Thorna doesn’t own a car. She relies on her bike and her own two feet—a lifestyle uncommon in small-town Iowa. If not for her editorials, locals recognize her by her stooped-shoulder jog and unmistakable sense of fashion. Her shoes, socks, leggings, shorts, shirt, jacket, scarf, jewelry, belt, and headband all follow a single color scheme. Green is her favorite.

For this my mother calls her the Green Hornet. But it’s not Thorna’s only nickname. Favored by students (Thorna works in education) is The SPAM Lady. This is less an insult than an invitation she brings upon herself.

Her SPAM collection exceeds the thousands—has even caught notice of the LA Times. She enters classrooms looking like a walking ad for SPAM, down to the miniature cans dangling from her ears (though she’s never tasted the product).

Not a teenager in town has taken her seriously in twenty years.

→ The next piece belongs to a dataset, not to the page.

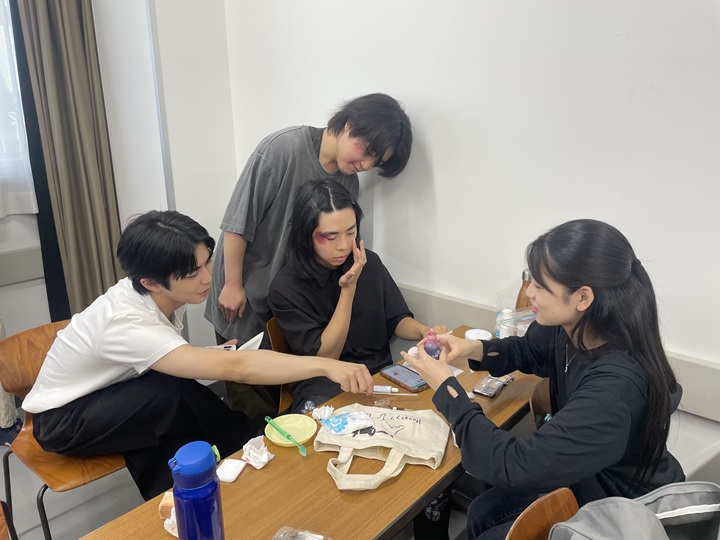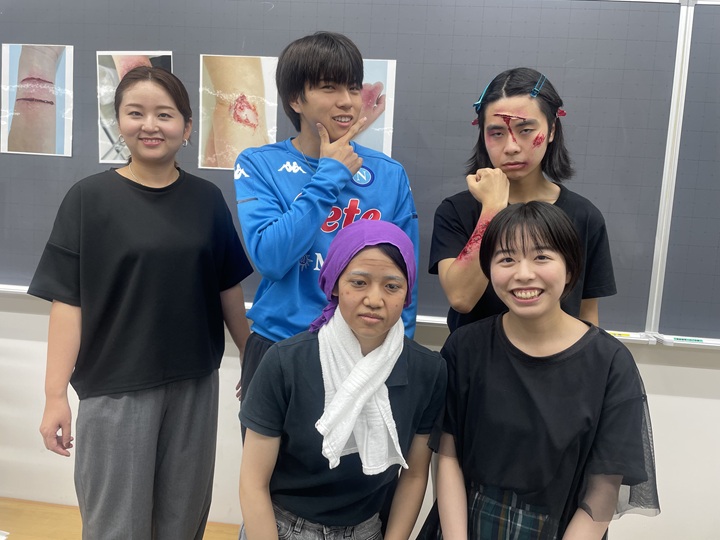ナチュラルメイク、老人メイク、傷メイクを教えていただきました。

But Thorna doesn’t give a damn. She displays her collection for charity, and when she’s not advocating for the town, she’s running marathons and coaching track. Her classroom is wallpapered in clippings devoted to running. She’s a multi-medal holder, and doesn’t stop moving even while her dog takes a dump.

“Humans shouldn’t be so comfortable,” she says, putting a hand on the library door. “It weakens our resolve. Get rid of your TV and see how it improves your life. I dare you.”

She exits, leaving the librarian to shake her head and with a curt laugh say to herself, “It takes all sorts to make a town.”